The Untracked Line: Utah's Interconnect

Richie Schley

The Utah Interconnect is the skiing equivalent of one of those samplers you order at a brewpub: a little taste of six of the state's bigger areas—Deer Valley, Park City, Solitude, Brighton, Alta, and Snowbird—washed down with secret backcountry powder shots on the ridges that separate the resorts. Mix it all together and you get one Euro-size über-stein of a touring experience: a one-day, whirlwind tour of the Wasatch's most famous resorts.

While you'd expect a backcountry tour to be heavy on earn-your-turns slogging, the Interconnect's biggest selling point is that, thanks to the chairlifts, there's virtually no uphill—and only one traverse of any consequence (the five- to 10-minute Highway to Heaven between Solitude and Alta). In fact, the touring is so easy that alpine-touring or telemark gear isn't even required: You can do the whole trip on alpine gear, which is ideal for backcountry newbies. But, at the same time, there are plenty of spots where you can hike up to long, lovely powder shots.

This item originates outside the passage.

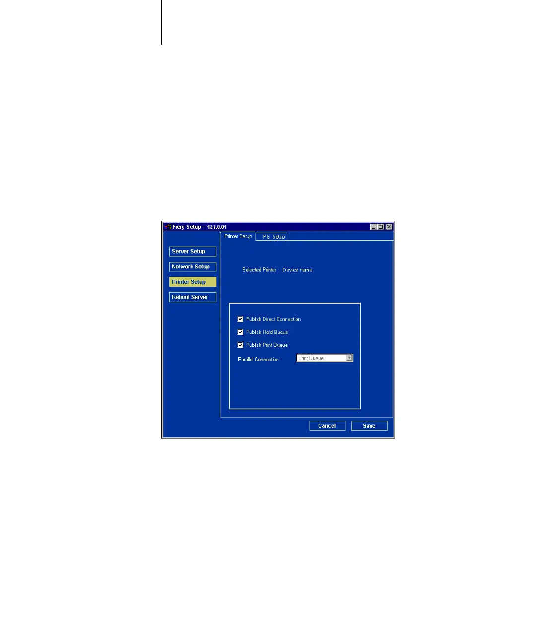 Specify whether to publish the Print queue, Hold queue, or Direct connection.
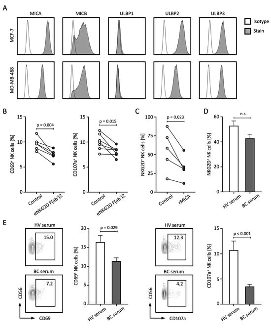 sNLG2DLs impair NK cell function through the downregulation of NKG2D. (A) Surface expression of the indicated NKG2DL was stained with the respective antibody and isotype control and assessed through the use of flow cytometry. (B) PBMCs from HVs (n = 4) were co-cultured with MCF-7 or MDA-MB-468 tumor cells (E:T 4:1) in the presence or absence of anti-NKG2D F(ab’)2 fragments for 4 h and NK cell activation and degranulation was analyzed by CD69 and CD107a expression using flow cytometry, respectively. (C) PBMCs from HVs (n = 5) were co-cultured with soluble rMICA for 48 h and NKG2D expression on NK cells was assessed through the use of flow cytometry. (D) PBMCs from the HV (n = 6) were co-cultured with serum from the HVs (n = 9) or BC patients with high sNKG2DL levels (n = 6) for 24 h and NKG2D expression on NK cells was assessed through the use of flow cytometry. (E) PBMCs from the HVs (n = 6) were co-cultured with MCF-7 or MDA-MB-468 tumor cells (E:T 4:1) with serum from the HVs (n = 9) or BC patients with high sNKG2DL levels (n = 6) for 4 h and NK cell activation and degranulation was analyzed by CD69 and CD107a expression using flow cytometry, respectively. HVs, healthy volunteers; BC, breast cancer; E:T, effector-to-target ratio; %; percent; p, p-value; n.s., not significant.

MAX ELEVATION: 11,000 feet (Hidden Peak, at the top of Snowbird)
MAX VERTICAL DROP: 3,400 (from the top of the Patsy Marley area down to Alta)
AVERAGE VERTICAL PER DAY: 10,000—20,000 feet
PRICE: $175
GETTING THERE: Tours depart from Deer Valley (Monday, Wednesday, Friday, Sunday) and Snowbird (Tuesday, Thursday, Saturday). Ski Utah provides transportation back to your starting point at the end of the day.
INFO: 801-534-1907;

Alta, Snowbird, Solitude, and Brighton are all blessed with roughly 500 light, dry inches annually (and Park City and Deer Valley get more than 350). All that pow can create a potentially catastrophic snowpack, but the danger on the Interconnect route is minimal and the guides customize each trip according to the day's avalanche forecast.

On-area, Snowbird's 35- to 45-degree Mineral Basin has some of the best steeps anywhere. Plus, a hike to Alta's rock-walled Baldy chutes should get your blood pumping. In the backcountry, Grizzly Gulch, between Solitude and Alta, is the main attraction—especially if your group is strong enough to hike Patsy Marley for 3,400 additional vertical feet of face shot after face shot.

John Clatworthy, who's been an Alta local for 27 years, puts it this way: "We get pineapples and salmons. Translation? The pineapples are wet storms from the south, which bring tons of relatively heavy snow. The salmons—big storms from the Northwest—are the legendary light, dry dumps that convert visitors into residents. You can always bet on a storm of mythic proportions sometime in March. Statistically speaking, January is your best bet.

Ski Utah employs six guides who work in teams of two and know every tree, gully, glade, and cliff on the tour. All the guides are AMGA certified and hold Level II or Level III avalanche certification.

Stay slopeside at The Lodges at Deer Valley (from $560 for a two-bedroom; Or try Snowbird's sleek and concrete Cliff Lodge (from $239;

The tour includes lunch at Solitude's base area, where you can fuel up on the usual pizza, grilled meat, Red Bull, and snacks. But it's a good idea to fill the tanks at the start of the tour in Deer Valley. The breakfast buffet includes everything from eggs benedict and waffles to granola and fruit.

While the Interconnect backcountry skiing is not on the level of a snowcat tour or heli trip, you'd have to go to Europe to find this type of multi-area ski experience. And even on a bad day, you're guaranteed to find untracked snow—for 175 bucks.

The guides take groups on terrain that corresponds to their skill level. Make a reservation with a bunch of like-minded friends and you'll get more powder skiing. Ski Utah will run thhe trip with as few as three skiers.